Wednesday, October 11, 2006

The death toll in Iraq: 655,000

The British medical journal The Lancet has published a report which estimates that 655,000 people have been killed as a result of the invasion of Iraq.

30% of these (so about 200,000) are thought to have been killed by the US/UK-led “coalition”. But recall what the Nuremburg judgement said about
the crime of aggression:

"to initiate a war of aggression…is not only an international crime; it is the supreme international crime differing only from other war crimes in that it contains within itself the accumulated evil of the whole”.

In other words, when you start a war of aggression you're not then just responsible for the killing you do yourself. You share responsibility for all the subsequent killing that takes place, because it takes place within a situation that you created voluntarily.
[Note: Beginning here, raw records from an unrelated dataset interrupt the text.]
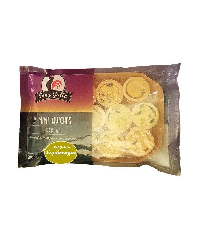 Masas pequeñas, cocidas y congeladas, rellenas con espárrago – cebolla, más una mezcla de crema de leche, queso crema y huevo.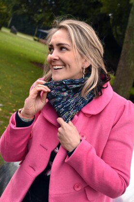 Rigel is the brightest star in the constellation of Orion. The star looks blue-white to the naked eye. Knit from the top down, this cowl is soft and a fun way to use special buttons. The stitch pattern is my Colorway Accented Stockinette. Similar to the approach used for the Rigel Mitts, this pattern spotlights small bursts of color, making it ideal for colorways with a dominant color accented by a mini rainbow or speckles.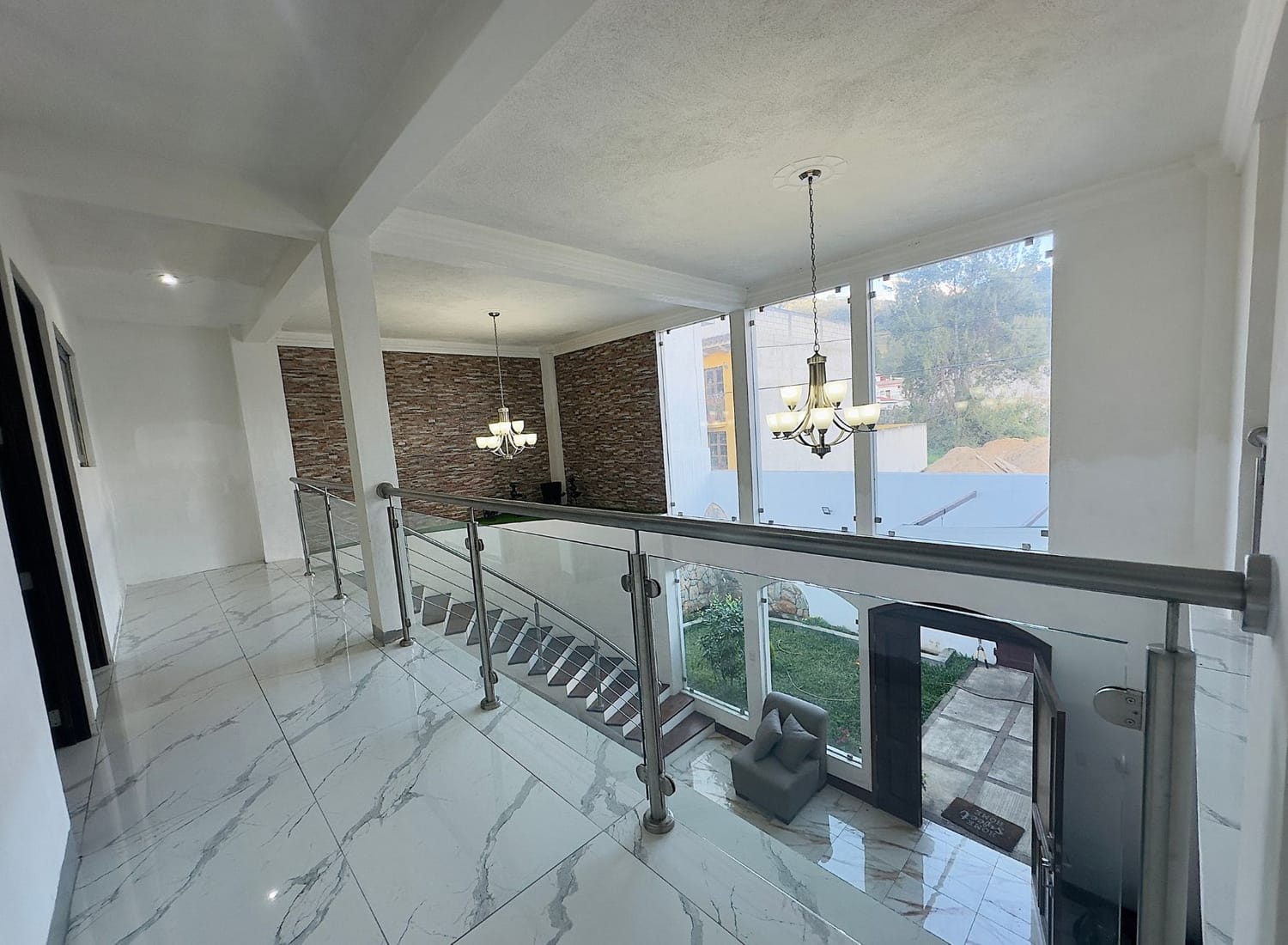 Sala de doble altura con baranda de acero inoxidable y vidrio

So these estimated 655,000 deaths are on us. And we can add this to the
million Iraqis, half under the age of five, that UNICEF estimates were killed by our sanctions during the nineties, which one UN official, resigning in disgust, described as "a policy that satisfies the definition of genocide". The total now enters the same ballpark as the toll of the Armenian genocide under the Ottomans and, with a following wind, could catch up with the toll under the Khmer Rouge in Cambodia within the next couple of years.
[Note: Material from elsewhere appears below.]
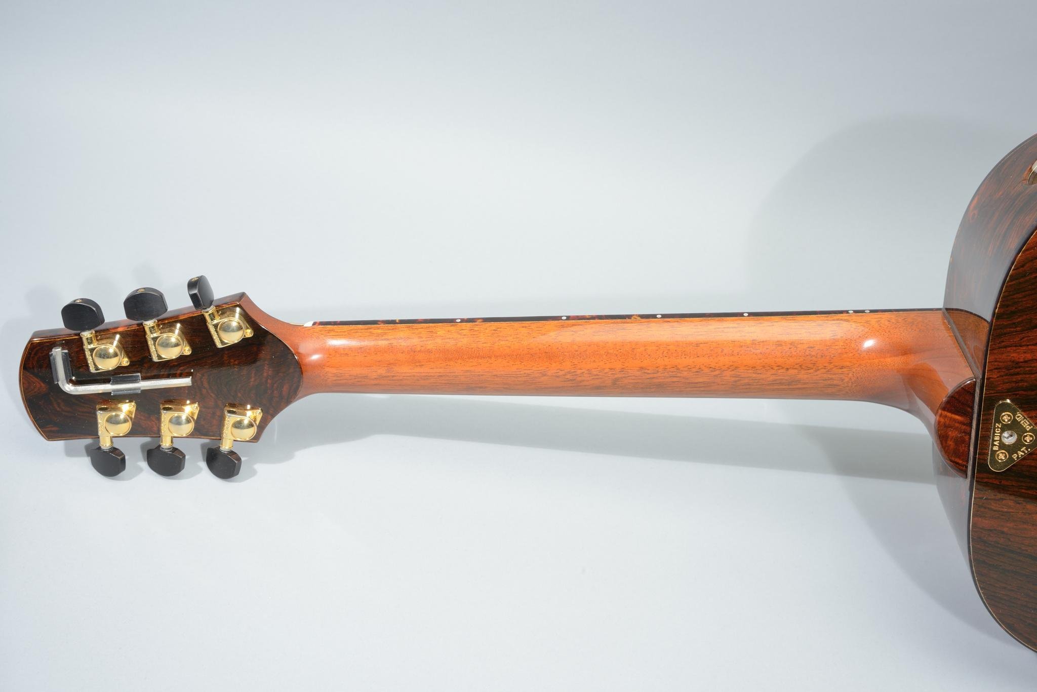 I once again had a blast raising and lowering the neck on the D’esque and I discovered another cool thing: Babicz’s Continually Adjustable Neck System makes it much easier to use more extreme tunings, both above and below standard pitch. For instance, dropping most acoustics down to DADGAD or below (say, to open C) typically necessitates using heavier strings to avoid the rattling and buzzing caused by the decreased string tension. Not with this guitar. I took out the trusty Allen wrench and simply raised the D’esque’s action until the rattles went away. It took about five seconds. Conversely, I found that higher tunings, such as open e and eBeABe (DADGAD up a full step)—unadvisable if not impossible on most acoustics—were actually manageable on the D’esque because I could lower the action.

And no, plainly Bush and Blair are not Pol Pot. But I doubt that many dead or bereaved Iraqis would be particularly moved to draw a distinction. The fact is these people are just as dead, and its still our fault.

The report, from the Johns Hopkins Bloomberg School of Public Health in Baltimore, has been examined and validated by four separate independent experts who all urged publication. It uses recognised scientific techniques for estimating excess mortality. I understand that the Bloomberg School of Public Health is the leading and most prestigious public health research school in the world.
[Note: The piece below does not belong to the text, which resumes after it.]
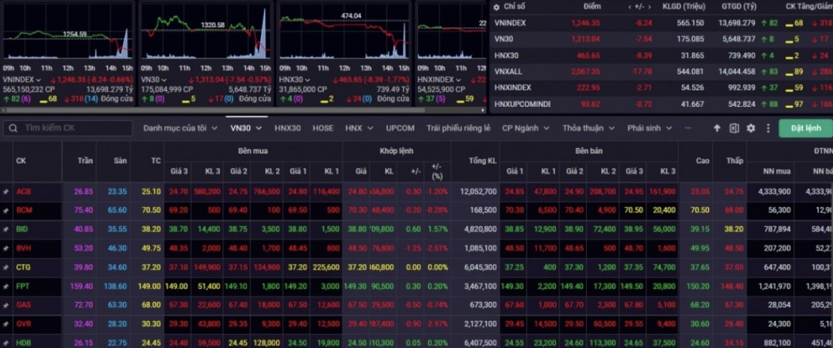 Kết phiên giao dịch ngày 6/1, VN-Index giảm 8,24 điểm (-0,66%) về mức 1.246 điểm. Trong khi VN30 giảm 7,54 điểm (-0,57%) về mức 1.313 điểm, chịu áp lực điều chỉnh về vùng giá quanh 1.300 điểm, tương ứng giá trung bình 200 phiên của VN30.

By contrast - and as Middle East expert
Juan Cole points out in a commentary on the report that's well worth reading - the other prominent estimates available on the death toll are likely to be serious underestimates. They're based on morgue records and media reports which can't be remotely comprehensive given the hellish situation in Iraq at the moment.

Probably the most widely cited toll is that compiled by
Iraq Body Count, which estimates a "maximum" of 48,693 deaths at time of writing. It bases its figures on media reports. But according to New York Times journalist Dexter Filkins "98 percent of Iraq, and even most of Baghdad, has now become 'off-limits' for Western journalists." According to Filkins, many situations are even too dangerous for Iraqi reporters employed by the western media. He says that "most of the Iraqis who work for us don't even tell their families that they work for us" for fear that exposure could cost them their lives. Its plain that any death toll based on reports collected under these conditions can only represent a bare minimum of the actual total.

You can read some good critical writing on Iraq Body Count
here, here and here.

Cole warns that attempts will be made to bury this report. This is what happened two years ago, when the same researchers estimated 100,000 killed as a result of the invasion of Iraq by that stage. Then all manner of people (not epidemiologists, but editorial writers, columnists, politicians etc) piped up to challenge the findings. The findings, having been "challenged" by an assortment of amateurs with a political agenda (including the those politicians directly responsible for the deaths), were then deemed to be "controversial" and banished to what George Orwell described in '1984' as the "
memory hole".

Imagine if you will a peer-reviewed report, using accepted scientific techniques, estimating a death toll for the USSR's war in Afghanistan, being dismissed as "controversial" by the Western media on the basis that the findings were challenged by the Kremlin and Pravda. Or the conclusion that smoking causes cancer being dismissed as "controversial" because on the one hand the entire medical community thinks it does but on the other hand Big Tobacco and some of its media lackeys disagree.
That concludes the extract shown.